Elliote's commentary actually echos the disclaimers at the top of the
(still private) meeting announcement, and a deeply rooted sentiment in
parts of the W3C that this whole idea is the "spawn of the devil" (quoting
literally from some very well known people who can identify themselves if
they wish!).
Elliotte makes a couple of points that illustrate very clearly what is at
stake here:
"Some developers either don't believe or don't get XML's value proposition
of a compatible, interoperable, editable, text format." - I suspect that
everyone believes that, but some see it as only one dimension of a multi-
dimensional value space, and others see it as a sine qua non.

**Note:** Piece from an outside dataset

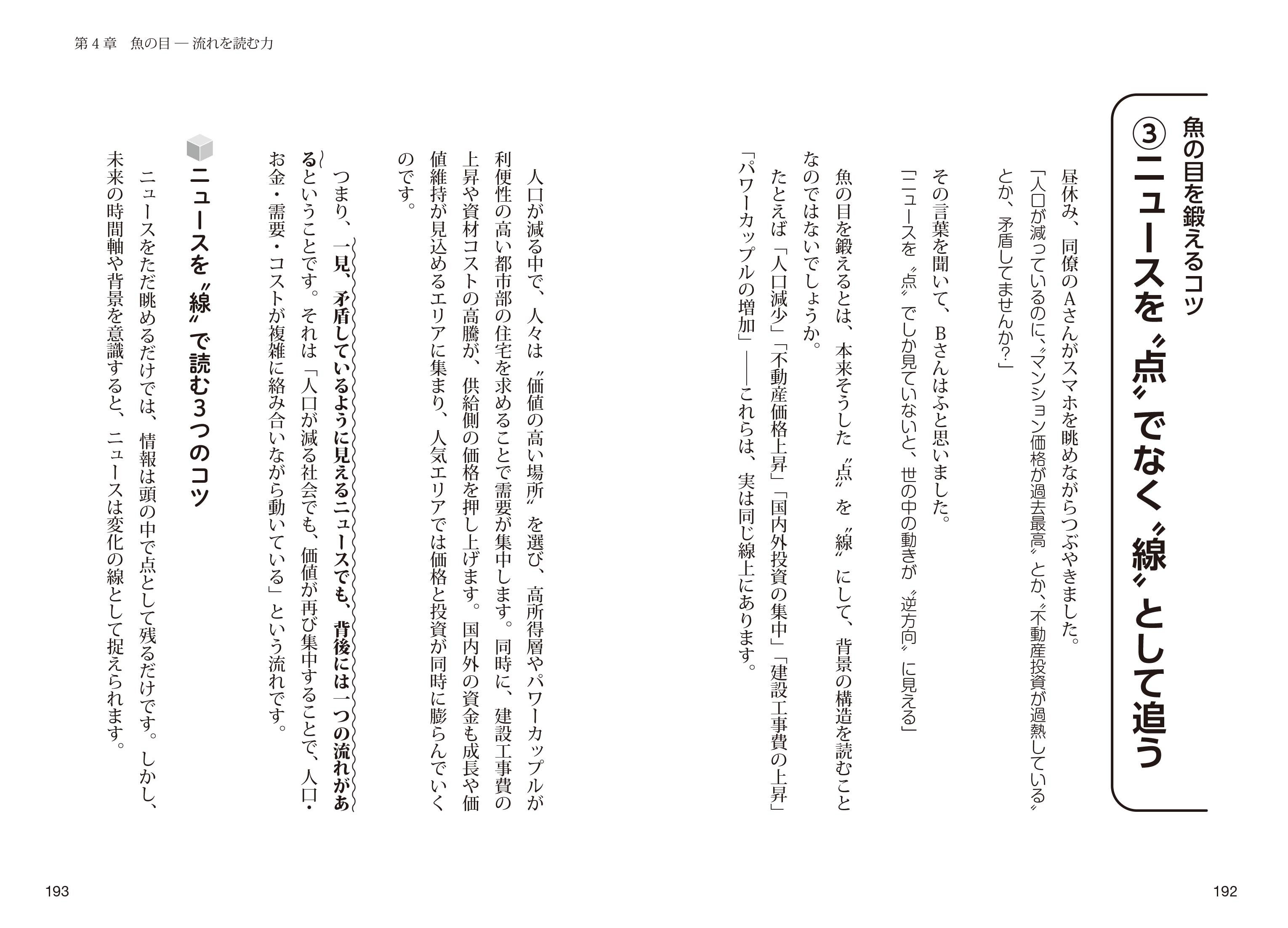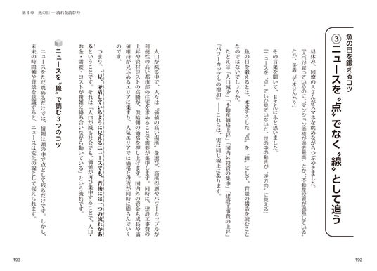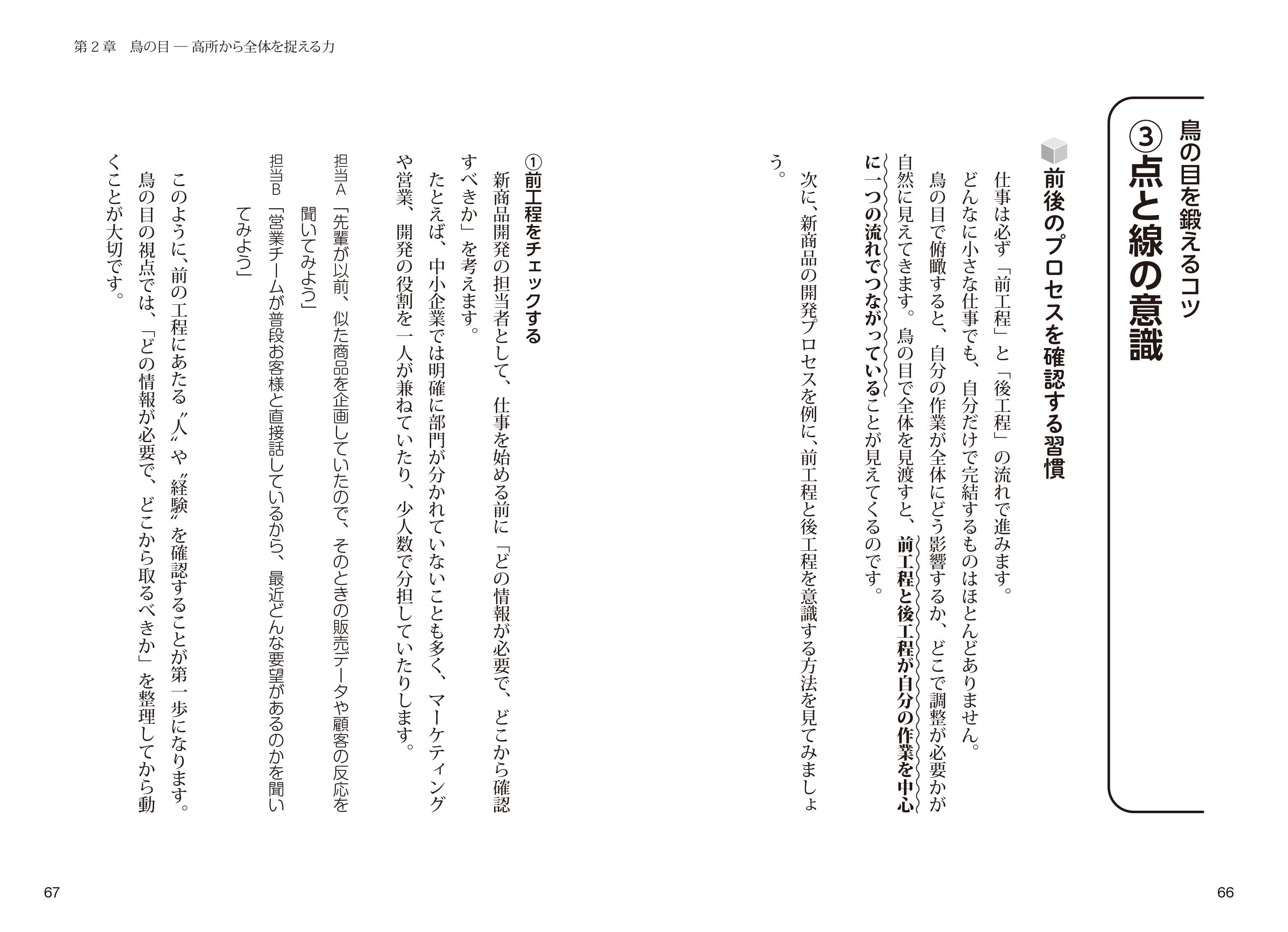 これらは、長年コンサルタントの現場で培った著者が大切にしているもので、できるプロフェッショナルに共通する一生役立つスキル。それが俯瞰力です。
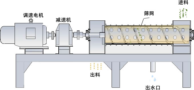 螺旋擠壓脫水機主要由進料箱、軸承座、錐型螺旋、濾水架、濾水籠、機座、聯軸器、電機、減速機及變速箱等零部件構成。其工藝原理如下:需脫水的物料以曲篩 或離心篩預脫水后,從進料口進入擠壓機(對于含水份小于85%的物料可以直接進擠壓機)。物料被錐型螺旋擠壓脫水后,送至出料口,其大部分的水份從篩板濾 出。從而達到脫水的目的。脫水后的物料可直接進干燥機進行干燥。對于物料品種的不同和產量的變化可通過調整擠壓機轉速實現,達到脫水效果和產量的好搭檔 合。調速電動機運轉正常后,物料從進料箱均勻加入,進機后的物料在螺旋旋轉葉片推動下沿軸向前進,前進過程中物料受變化的螺距和調節檔板的作用,形成巨大 的擠壓力,使物料在外力作用下進行機械脫水,水份通過篩網在出水口處排出,脫水后的物料在出料箱處排出。

"They falsely believe that binary formats are significantly faster or
smaller than XML, which is almost never true in practice" - AFAIK, that's
exactly what the workshop is trying to determine: What is the evidence that
'binary XML' can be faster or smaller in realistic scenarios. My
understanding (from a lot of inputs, most of which I can't discuss) is that
the "bloat" issue is a red herring because gzip works wonderfully on XML
text, but that there is an approximately one order of magnitude processing
overhead of XML compared with the previous generation of RPC, asynchronous
messaging, and EDI technology. An order of magnitude here, and a recession
there, and soon you've got problems that Moore's Law doesn't solve anytime
soon.
"Worse yet, some vendors are deliberately trying to lock developers into
their patented, closed, binary, "XML" formats" -- Perhaps, but again the
whole point of the workshop is to determine whether an open standard would
be useful in preventing this scenario *if* tangible benefits can be
demonstrated. I think there are a lot more vendors who realize that
various aspects of XML's text format cause significant overhead, but won't
even think about alternatives unless there is some standardization to allow
interoperability. FWIW, that describes my employer's position [or rather,
the consensus of us geeks who have looked into the matter, obviously not
the "official" company line].
"The binary formats actually already exist, and the market has ignored them
with a resounding silence. They have achieved no traction and no interest
in the community." -- Interesting point ... I don't see it this way, but
would love to see some discussion about it.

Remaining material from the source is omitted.